Pietermaritzburg Short Legged Sac Spider
- Conservation status: Least Concern (SANBI Red List)

Scientific classification
- Kingdom: Animalia
- Phylum: Arthropoda
- Subphylum: Chelicerata
- Class: Arachnida
- Order: Araneae
- Infraorder: Araneomorphae
- Family: Clubionidae
- Genus: Clubiona
- Species: C. sigillata
- Binomial name: Clubiona sigillata Lawrence, 1952

= Clubiona sigillata =

- Authority: Lawrence, 1952
- Conservation status: LC

Species of spider

Clubiona sigillata is a species of spider in the family Clubionidae.
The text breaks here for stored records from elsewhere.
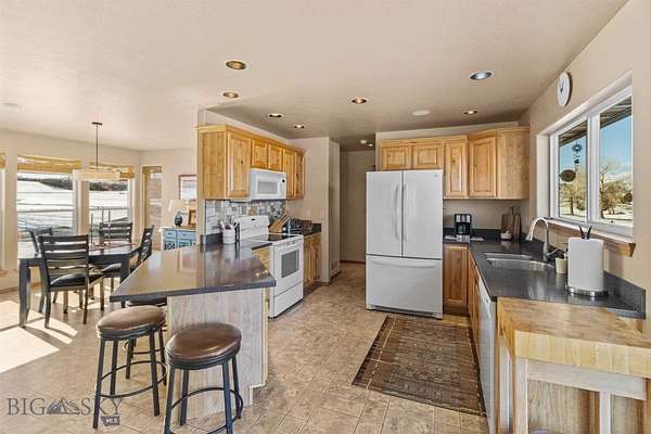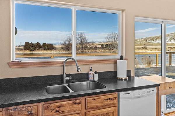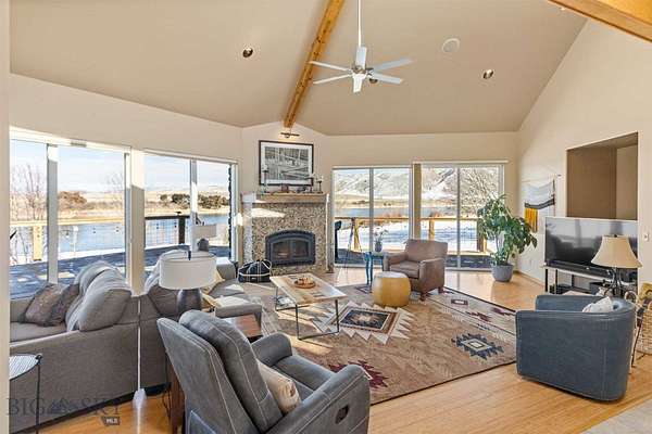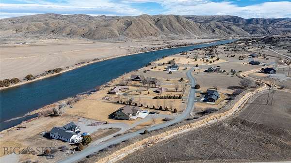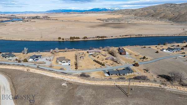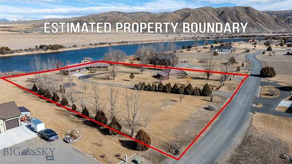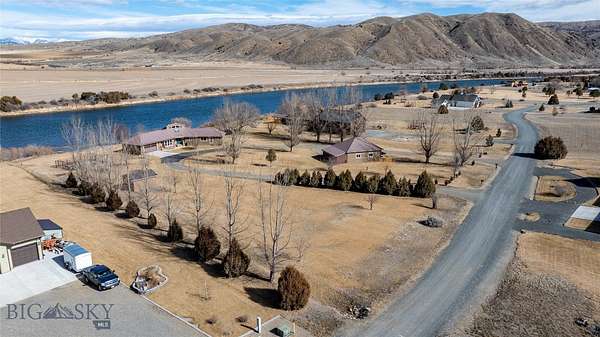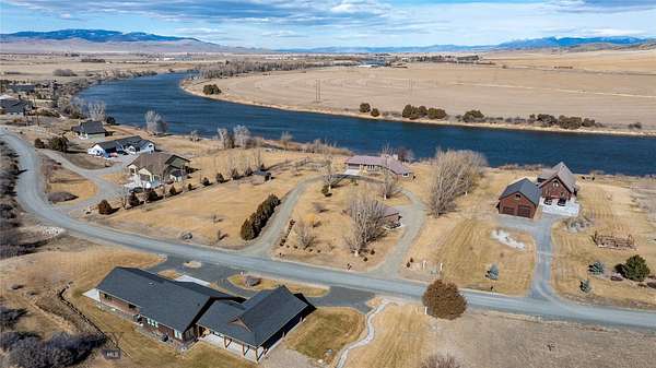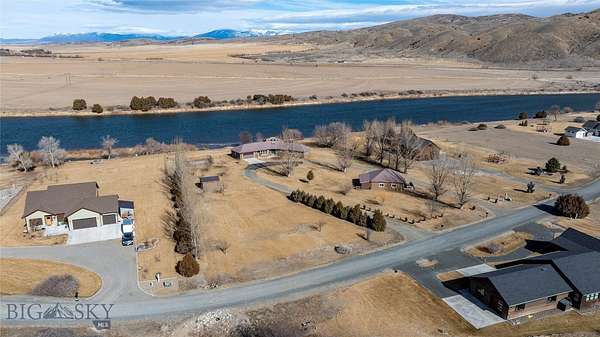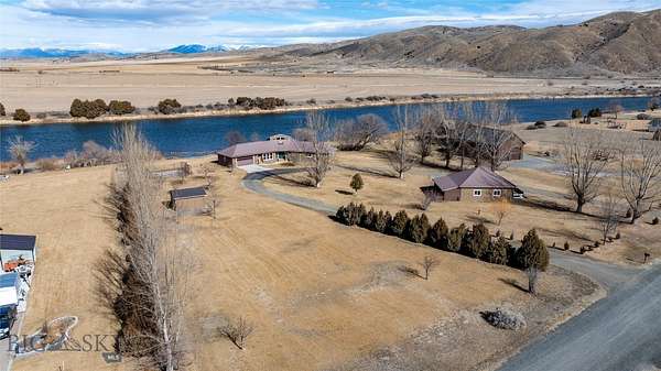 Beautiful custom home situated on the banks of the Missouri River. This property offers 258 feet of river frontage, perfect for fishing or launching/landing a canoe, kayak or raft. The expansive deck and hot tub offer privacy and are ideal vantage points for observing local wildlife and birds while enjoying panoramic mountain views. The home is placed on two platted subdivision lots, aggregated as one. The landscaped yard features over 50 trees, a fenced garden area with raised beds, complete with underground sprinklers throughout. The 1,920 sq. ft. residence features a bright, open floor plan with many oversized windows to take in the panoramic view. While currently configured with a large second bedroom, the layout is designed for three bedrooms and can be easily converted. Additional structures include a two-car attached garage, a two-car detached shop with an additional one-bay enclosed lean-to garage, and a detached garden shed. Residents of the Missouri River Rendezvous enjoy community amenities such as a 3-hole golf course and a park with a boat launch. The property is conveniently located between Three Forks and Townsend, approximately 50 miles from Bozeman and 45 miles from Helena Recreational opportunities are even closer, including access to state lands within walking distance. Call to schedule your showing today!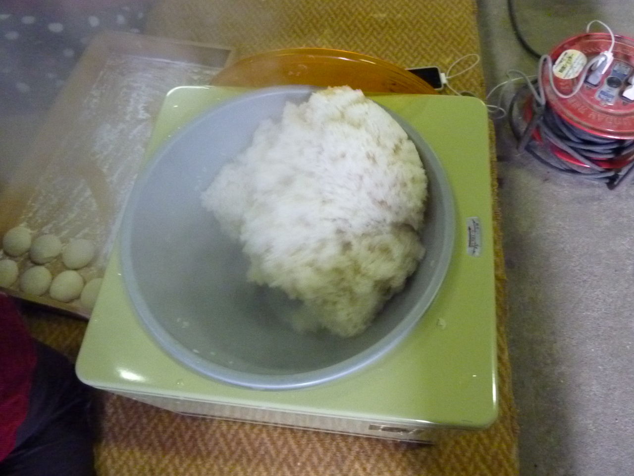 ついた餅はテーブルに移します。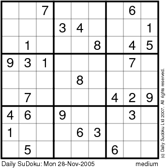 The Daily SuDoku: Mon 28-Nov-2005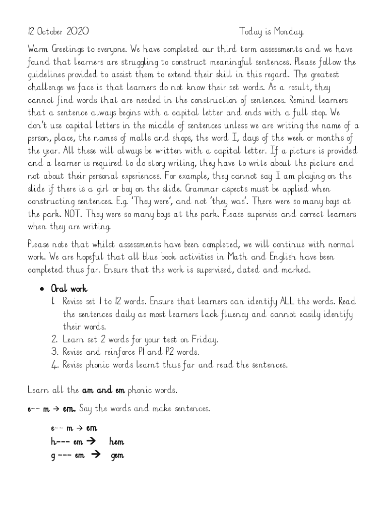 12 October 2020Today is Monday.Warm Greetings to everyone. We have completed our third term assessments and we have found that learners are struggling to construct meaningful sentences. Please follow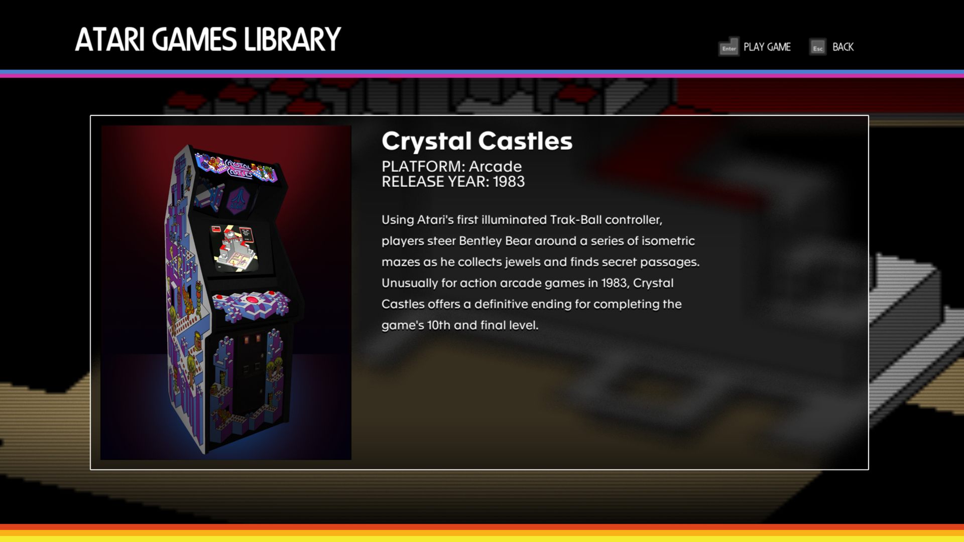 Массивный выбор из более чем 100 игр охватывает семь различных платформ: Arcade, 2600, 5200, 7800, 8-битные компьютеры Atari и, впервые на современных консолях, Atari Lynx и Jaguar! Играйте в классику, такую как Tempest 2000, Asteroids и Yars' Revenge, или погрузитесь в более глубокие игры.

It is endemic to South Africa, originally described from Pietermaritzburg.

==Distribution==
Clubiona sigillata is known from three provinces in South Africa at elevations ranging from 33 to 1706 m. It has been recorded from the Eastern Cape, Gauteng, and KwaZulu-Natal.

==Habitat==
The species is a free-living plant dweller found in the Forest, Grassland, Nama Karoo, Savanna and Thicket biomes. It inhabits diverse vegetation types across its range.

==Conservation==
The species is listed as Least Concern. Although threatened by habitat loss due to urbanization and agricultural activities in parts of its range and known only from males, it has a wide geographical range. It is protected in Cwebe Nature Reserve, Mountain Zebra National Park and Klipriviersberg Nature Reserve.